Webinar: Can new payment models support the provision of value-based healthcare?
The fifth webinar in the PCHSS 2020-2021 webinar series was on whether new payment models support the provision of value-based healthcare.
With the rising costs of healthcare, health systems are looking for ways to incentivise high-quality care while keeping costs down. So, does paying healthcare providers for their performance improve value for money and hold providers accountable? Although high quality evidence remains scarce, the key messages remain consistent over time. Different payment methods, in the right context, can influence clinical behaviour in desired directions but require careful design.
In this webinar, Professor Tony Scott summarised new evidence from two recently published systematic reviews on the impact of different payment methods for healthcare providers. These reviews found that pay for performance blended with existing payment methods may increase some preventative care measures, whilst higher fee for service payments increase the quantity of care, but not necessarily the quality of care.
Following Professor Scott’s presentation there was a panel discussion featuring Dr Michael Wright (RACGP) and Mr James Downie (IHPA). The session was moderated by Associate Professor Yvonne Zurynski (PCHSS).
Professor Tony Scott
Anthony Scott is the Health and Healthcare Program Coordinator at the Melbourne Institute. He is a Fellow of the Academy of the Social Sciences in Australia, immediate past President of the Australian Health Economics Society, and a Board Director of the International Health Economics Association. He established the Medicine in Australia: Balancing Employment and Life (MABEL) panel survey of 10,000 doctors and is a Research Lead Investigator in the NHMRC Partnership Centre for Health System Sustainability.
Dr Michael Wright
Dr Michael Wright is a GP and health economist. Dr Wright currently works as a portfolio GP, combining clinical practice with strategic appointments and academic research analysing the effects of current health policy on the quality and performance of primary care. Dr Wright is currently board chair of Central and Eastern Sydney Primary Health Network, and also chairs RACGP’s Reference Expert Committee on Funding and Health System Reform. Dr Wright previously worked in London as a clinician, a Leadership Consultant with The King’s Fund, and was a researcher at the London School of Hygiene and Tropical Medicine. Dr Wright completed his PhD at the Centre for Health Economics Research and Evaluation (CHERE) at the University of Technology Sydney (UTS) in 2019. His PhD investigated the impact of continuity of general practice care on health outcomes, and his research interests including health funding and health policy research into quality, efficiency, and sustainability of health services.
Mr James Downie
James Downie is the Chief Executive Officer at the Independent Hospital Pricing Authority. Prior to his current role James was the Executive Director, Activity Based Funding, leading the teams responsible for delivering the classification, costing and pricing functions of IHPA as well as the data acquisition activities. He previously held roles with the Victorian Department of Health, the Royal Children’s Hospital Melbourne and various technical and operational roles in the resources industry.
During the session, the speakers received several questions from attendees and they provided the following responses:
The obvious challenge in Australia is the fragmented payer scene based on provider role. Do we need to move to single payer?
Mr Downie: There are a lot of examples around the country where people are able to provide good, high quality coordinated care despite the funding models and we have to be careful that we don’t treat funding models as the be all and end all. The funding model won’t drive value-based care but will support it. IHPA focuses on removing barriers and ensuring that funding models don’t impact care.
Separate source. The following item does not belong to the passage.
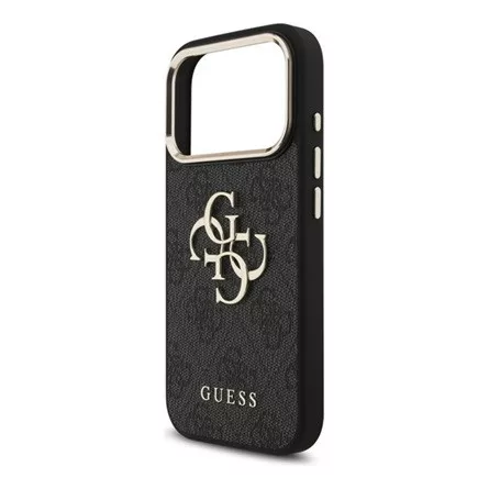 iPhone 17 Pro GUESS 4G BIG CLASSIC LOGO szilikon telefonvédő ütésállóság, bőr hatású hátlap, FEKETE/ARANY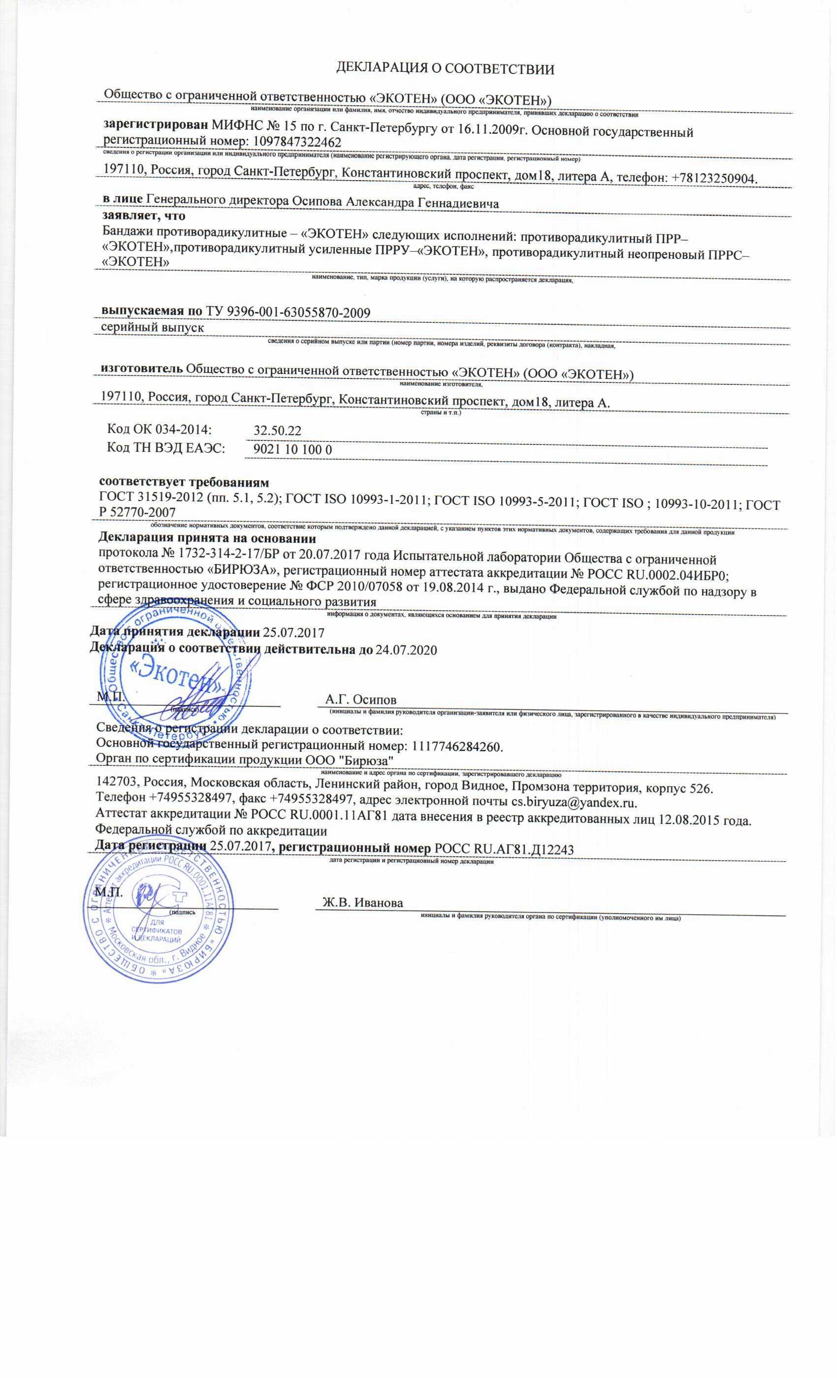 • открытые раны, ожоги кожных покровов в области применения бандажа

Professor Scott: A few years ago there were white papers produced looking at reform of the federation, which was the closest that we have come in Australia to shifting models.
Dr Wright: It is difficult. The new national health reform agreement suggests that there is going to be jurisdictional cooperation in integrating the system. There are areas such as collaborative commissioning, which is where primary health networks are partnering with local health districts to identify a priority with shared funding and shared priorities.
Specialist MND multidisciplinary clinics have proven to be improve health outcomes and extend life, but how do you fund all HCPs privately in these clinics if health sector not engaging with this integrated care model – silo funding models Medicare, NDIS, Medicare chronic and complex care plans, private health funds are difficult to process separately for each participant?
Mr Downie: It is a good example of where some funding reform- something from the hospital side- can really make a difference. Being more agnostic about provider and move to a capitation type model does allow potentially hospitals to purchase services from GPs and other private practice. Compared to hospital admissions GP services are very economic; you can buy a lot of GP services for the price of a single admission. We think that capitation and bundled models that give providers more flexibility about where/who they purchase services from will start to remove some of those barriers. The view that everything has to be fee for service or through hospital funding is becoming outdated.
It would be interesting to compare generational difference. Do doctors who received free medical education act differently to those who graduate with a large financial burden?
Dr Wright: There are some generational differences. Medical students know that GPs are the lowest remunerated doctors on average within the health system, and the disparity between GPs and other specialists is growing is having an impact on the workforce. About 10 years ago there were ~100 more specialists than GPs, now that number is in the thousands. We have more and more specialists and less GPs at a time when we have more chronic disease and multi morbidity that should be managed in general practice.